Discussion in 'Alternate History Discussion: Before 1900' started by SeaCambrian, Oct 5, 2018.
Lithography, much better than printing press if you dont use alphabets.
Paper was actually cheaper than parchment or vellum since the XIVth century at least, and its production widespread in most of Europe at this point : it's why its use kept growing while public authority would have preferred a maintained use of parchment giving it was seen as less fragile and more resilient to average keeping conditions. While you're right that the first paper mill (and, eventually, first manufactory production outside Italy and Spain) appeared in Nuremberg half a century before printing press was discovered, we'd be more talking of material accessibility than something out of price.
In fact, Gutemberg's Bible was printed both on vellum and paper...from Italy.
Sorry, I was half asleep writing that post.
But yeah, I figure better organizing systems of literature, scholarly works and information would be beneficial sooner
well, of course as a jumping-off point, maybe something comparable to Linnaean taxonomy as well?
I'm surprised no one else mentioned this. The Horse Yoke was an extremely simple and innovative piece of equipment.
while I assume it was writen already (i have no energy to check), an earlier use of gunpowder would change a lot.
Indian already bath daily use fresh food and clean house daily you can feel. I think for India most important invention will be paper the printing machine and gun powder with this Indian always remain the top dog of world
I think the implication was some more modern conceptions of hygiene. For example, boiling things to clean them (or water to disinfect it).
Also, India had all those things when they were conquered.
Too soon for cinchona to reach Europe?
Could also have copied compartmentalization from the Ancient Chinese...
I seem to recall there were disinfectant poultices used in Roman times, rejected in the Middle Ages. Had they just stayed in use...
And am I wrong the triangluar (lateen?) sail is an advance over the square sail? Developing full rigging would be a big jump. Even the block & tackle (already in place?).
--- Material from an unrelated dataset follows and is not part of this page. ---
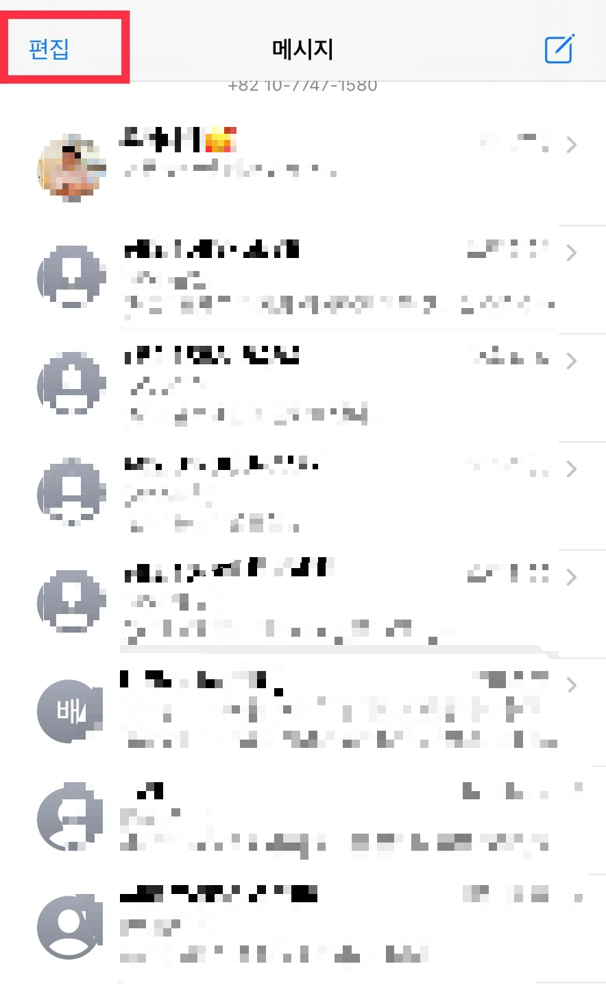 화면에서 메시지앱 열기- 왼쪽 상단 편집 버튼 클릭-

I'm also going to suggest you take Ben Braddock's advice: plastic. The technology/chemistry to develop a variety of polymer existed in Ancient Egypt. (Believe it, or stuff it. )
Yeah, metallurgy for long guns or cannon is problematic. (Bell-maker might be able to produce cannon.) Better advice: use a mangonel or something to throw ceramic jars full of lit gunpowder.
Might use a similar idea to create land mines. (IDK if you could produce pressure triggers. Flintlock "foot pedals"? Or discover fulminate of mercury?)
The Romans understood lead was toxic. For reasons IDK, they did nothing about it.
There's also a bunch of food crops available in the Americas that never gained popularity, all of which could seriously affect the European diet (& ag output); I recall an entire issue of The Plain Truth dedicated to it. (It's the only one I've ever actually kept. )
And how about making the vertical-axis windmill the standard? It's way more efficient.
Not so much discovery as widespread distribution, but I would definitely say an earlier vulcanization of rubber. The mesoamericans were already doing some form of it 3000 years ago, by mixing it with sulfur-containing plants and other ingridients. The implications for industrial developments are potentially countless.
Already said but printing press with the criteria that its allowed to spread and censure is not too heavy. Thats the basis for the spreading of everything else.
Would help to a avoid many deadly infections.
What about discovery and use of african vine rubber widely available in Kush
Fun fact: the Mongols brought water to a boil before drinking it because they thought it drove out malevolent spirits that caused illness.
well, they were right, kind of there was a similar thing with the miasma theory, the belief that disease (malaria in particular) was caused by "bad air" and you could ward against that simply by shutting the windows and burning incense and stuff, which coincidentally is exactly the kind of thing that can keep disease-carrying insects like mosquitoes from biting and infecting you.
Not sure rubber would be all that useful in the pre-industrial world.